The Cyprus tax system is due to change for many UK nationals living on the island after the updated UK-Cyprus Double Taxation Agreement (DTA) signed in March this year.
The new DTA will tax all government pensions at source (in the UK) and affected individuals will pay UK standard tax rates rather than Cyprus tax.
However, this will only affect publicly funded pensions – such as those received by former members of the British armed forces – paid by the government and not private pensions. Nor does it apply to the statutory state pension.
Until now the previous DTA allowed for UK government pensions to be taxed in Cyprus at a rate of 5 per cent.
The new DTA, expected to be in place for the 2019-20 tax year will see those affected paying the standard 20 per cent tax at source, though they will be eligible for the relevant tax-free allowance currently set at £11,850.
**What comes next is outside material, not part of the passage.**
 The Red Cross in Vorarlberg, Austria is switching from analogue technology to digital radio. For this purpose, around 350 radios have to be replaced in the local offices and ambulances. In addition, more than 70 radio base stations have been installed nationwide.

It is estimated that around 70,000 British citizens are resident in Cyprus, though it is unclear how many will be affected by the new DTA changes.
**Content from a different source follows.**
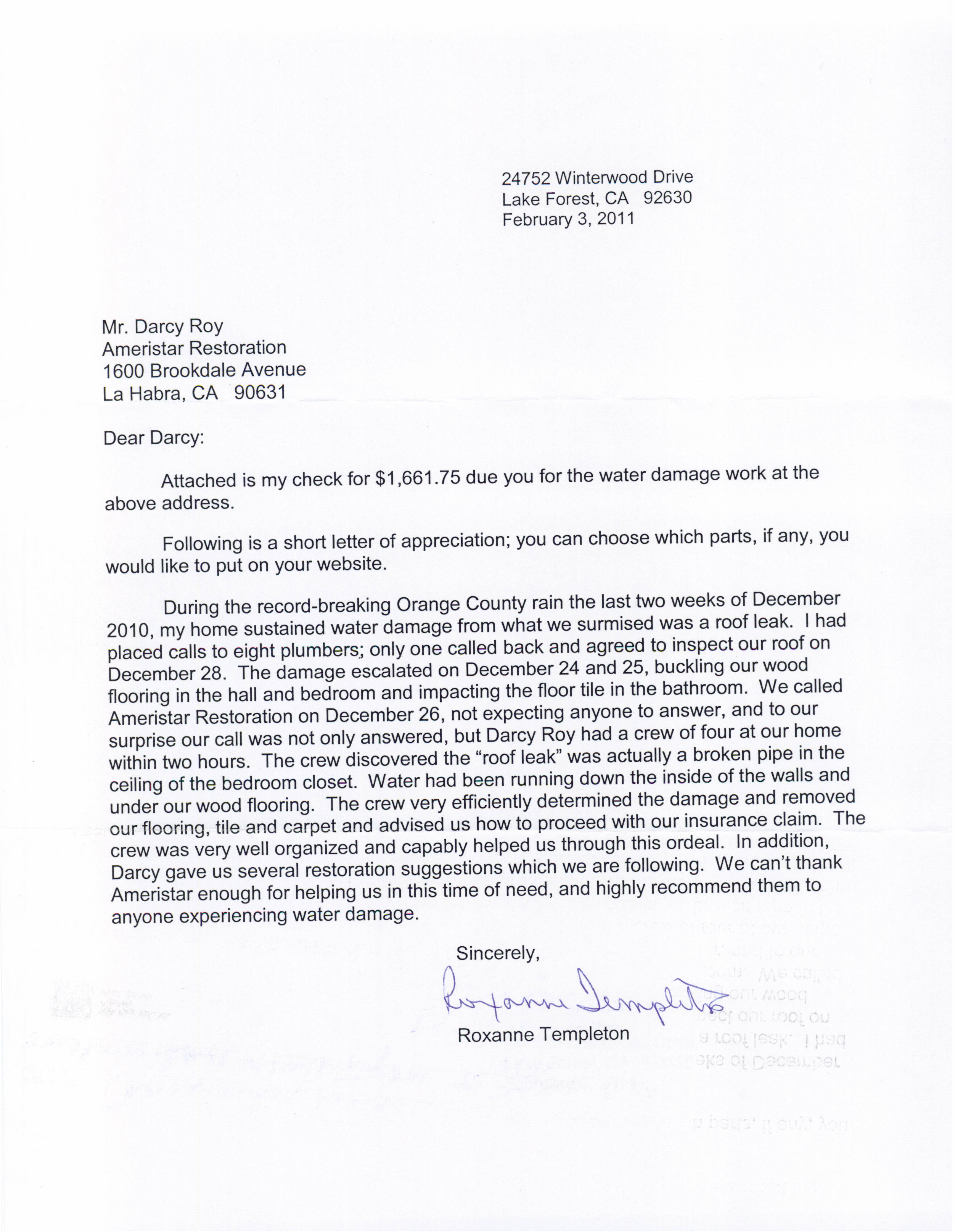 Templeton Thank You Letter

The British High Commission, in conjunction with the Institute of Certified Public Accountants of Cyprus (ICPAC) and HMRC, organised a seminar last week to inform the Cypriot accounting community about the new UK Corporate Tax Law and forthcoming changes in UK tax legislation.
The seminar informed of the new ‘Requirement to Correct’, that requires all UK taxpayers to declare to HMRC, before September 30, 2018 all their foreign income and assets, where there might be tax to pay.’
It was stated that as of October 1, 2018 new, substantially higher penalties will apply to UK taxpayers who have failed to pay all the tax due on foreign income and assets.
Overseas property investors who have made their home in Cyprus may wish to speak with their tax advisor to check if they are affected by the changes coming into force.